+++ Provided material +++
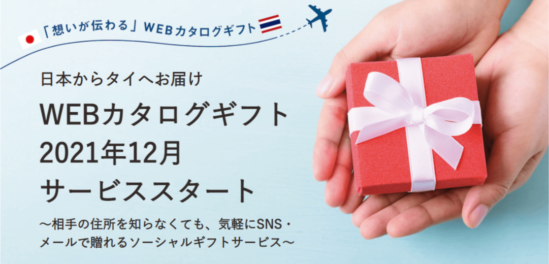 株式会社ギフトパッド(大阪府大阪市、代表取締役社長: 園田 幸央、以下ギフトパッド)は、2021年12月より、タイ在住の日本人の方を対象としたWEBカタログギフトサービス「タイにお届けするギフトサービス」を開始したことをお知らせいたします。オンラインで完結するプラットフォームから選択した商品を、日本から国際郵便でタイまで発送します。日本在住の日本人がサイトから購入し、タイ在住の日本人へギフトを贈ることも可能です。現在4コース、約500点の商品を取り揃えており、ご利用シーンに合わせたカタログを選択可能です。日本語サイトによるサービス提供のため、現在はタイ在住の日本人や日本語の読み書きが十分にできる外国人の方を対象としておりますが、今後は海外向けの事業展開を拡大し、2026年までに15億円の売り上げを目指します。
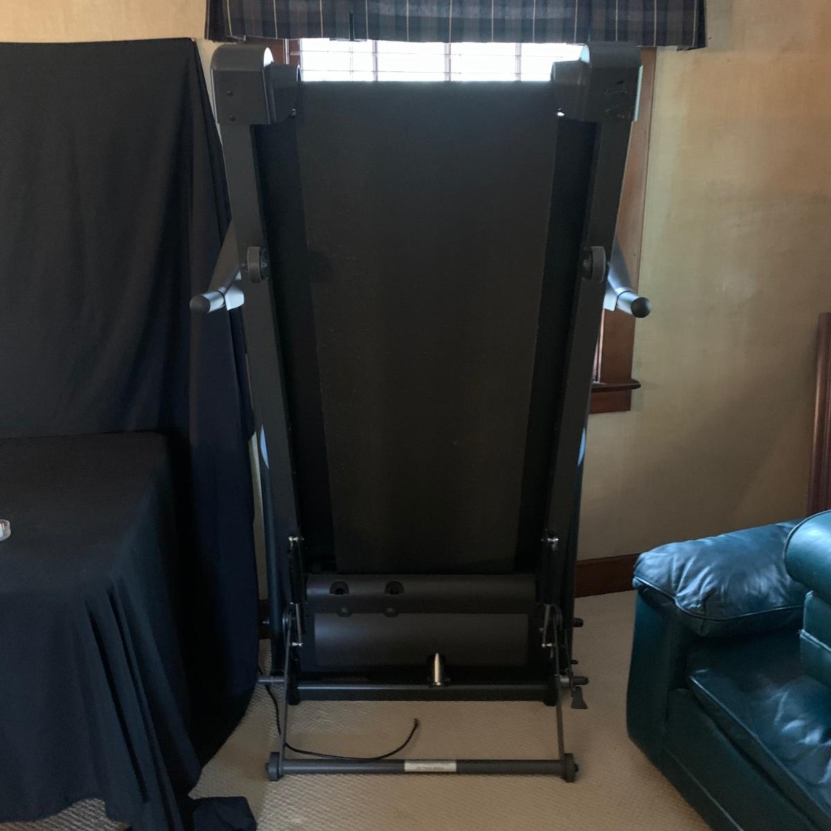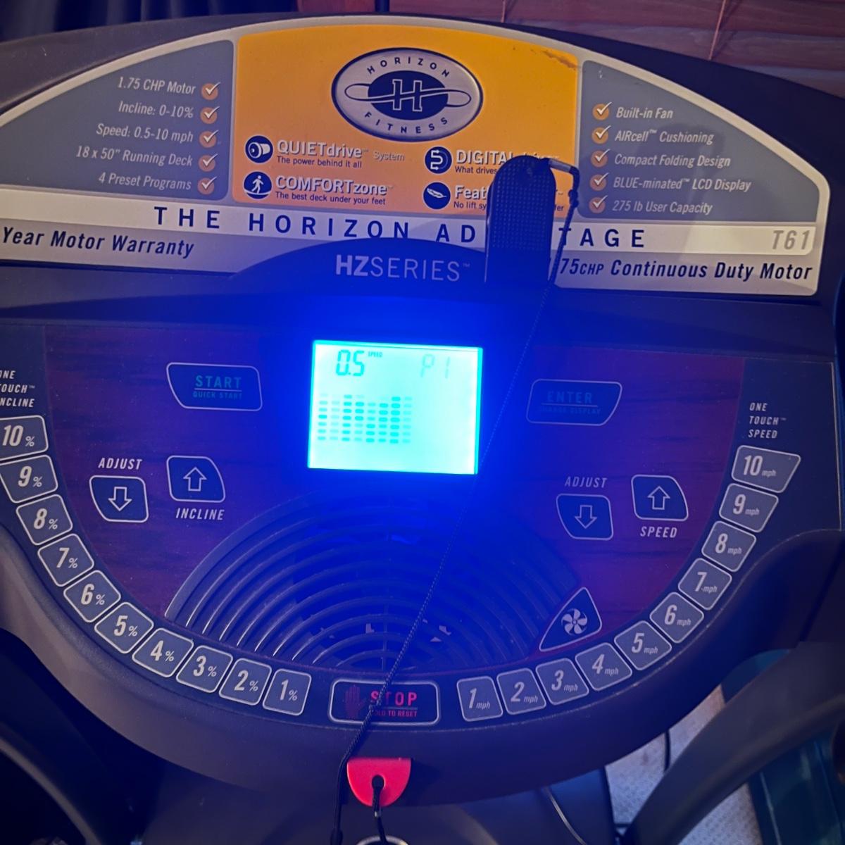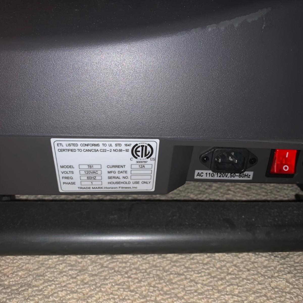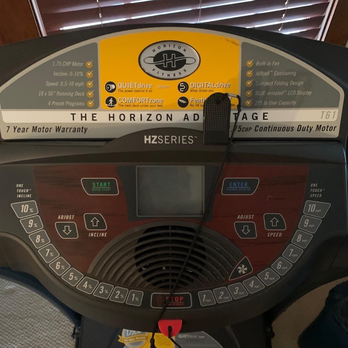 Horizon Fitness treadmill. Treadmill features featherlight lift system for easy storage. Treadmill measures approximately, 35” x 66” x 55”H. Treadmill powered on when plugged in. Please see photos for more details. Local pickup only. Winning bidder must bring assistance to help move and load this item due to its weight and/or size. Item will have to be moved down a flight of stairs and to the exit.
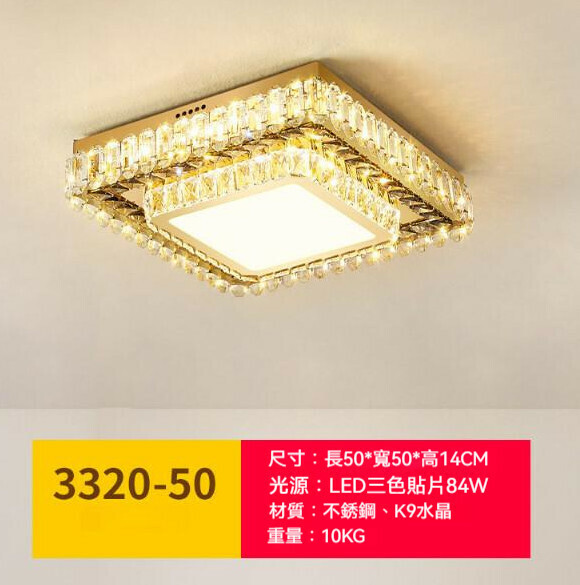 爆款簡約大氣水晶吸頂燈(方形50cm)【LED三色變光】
+++
Problem description
The whole listing above must be duplicated word for word, apart from its pictures.

Your solution
 株式会社ギフトパッド(大阪府大阪市、代表取締役社長: 園田 幸央、以下ギフトパッド)は、2021年12月より、タイ在住の日本人の方を対象としたWEBカタログギフトサービス「タイにお届けするギフトサービス」を開始したことをお知らせいたします。オンラインで完結するプラットフォームから選択した商品を、日本から国際郵便でタイまで発送します。日本在住の日本人がサイトから購入し、タイ在住の日本人へギフトを贈ることも可能です。現在4コース、約500点の商品を取り揃えており、ご利用シーンに合わせたカタログを選択可能です。日本語サイトによるサービス提供のため、現在はタイ在住の日本人や日本語の読み書きが十分にできる外国人の方を対象としておりますが、今後は海外向けの事業展開を拡大し、2026年までに15億円の売り上げを目指します。
 Horizon Fitness treadmill. Treadmill features featherlight lift system for easy storage. Treadmill measures approximately, 35” x 66” x 55”H. Treadmill powered on when plugged in. Please see photos for more details. Local pickup only. Winning bidder must bring assistance to help move and load this item due to its weight and/or size. Item will have to be moved down a flight of stairs and to the exit.
 爆款簡約大氣水晶吸頂燈(方形50cm)【LED三色變光】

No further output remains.